TASK PROMPT:
Please restate, exactly, only the lines from the beginning of the listing below through the line containing "スカート付きパンツ 綿麻 キュロット", with the pictures left out.

DATA EXTRACT:

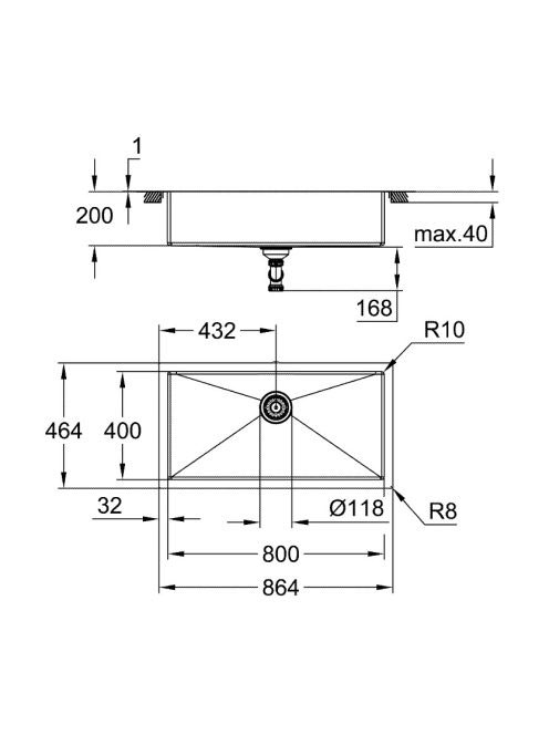 Grohe K700 Rozsdamentes acél mosogatótálca 864x464 mm, szatén 31580SD1
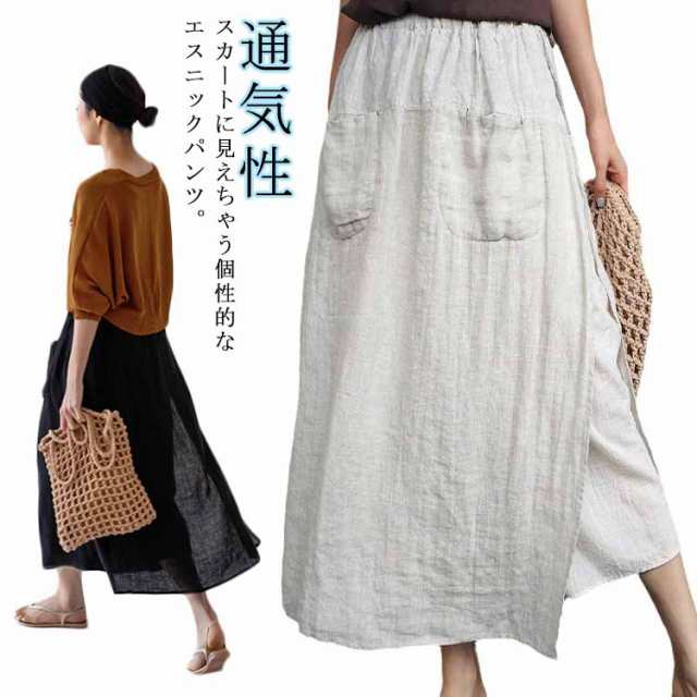 スカート付きパンツ 綿麻 キュロット ワイドパンツ スカート風 ガウチョパンツ クロップド丈 重ね着風 カジュアルパンツ ゆったり 体型カバー 薄手 通気性 春 夏 秋 母の日 ブラック ホワイト
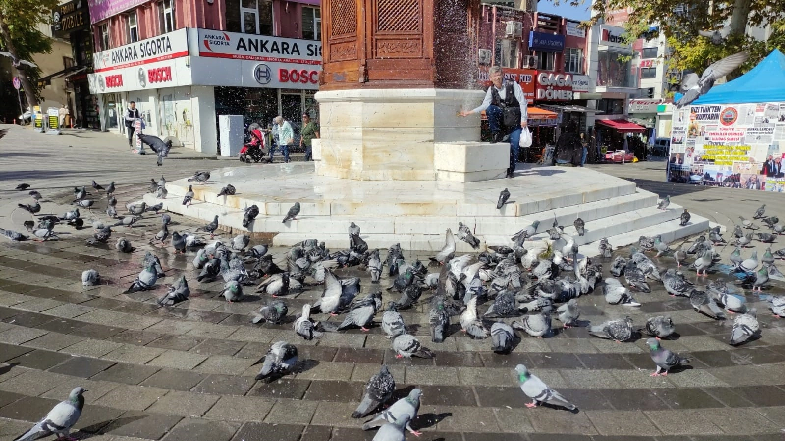 Bursa’nın en işlek meydanlarından 15 Temmuz Demokrasi Meydanı’nda bulunan güvercinlerin mevsim normalleri üzerinde seyreden havada sıcaktan bunaldığını gören bir vatandaş meydanda bulunan çeşmenin suyunu açarak güvercinlere doğru tutmaya başladı. Üzerlerine akan suyun altında toplanan güvercinler ise dakikalarca bu suyun altında banyo keyfi yaptı. Meydandan geçen vatandaşlar ise güvercinlerin keyifli anlarını uzun süre izledi.

ANSWER SECTION:
 Grohe K700 Rozsdamentes acél mosogatótálca 864x464 mm, szatén 31580SD1
 スカート付きパンツ 綿麻 キュロット ワイドパンツ スカート風 ガウチョパンツ クロップド丈 重ね着風 カジュアルパンツ ゆったり 体型カバー 薄手 通気性 春 夏 秋 母の日 ブラック ホワイト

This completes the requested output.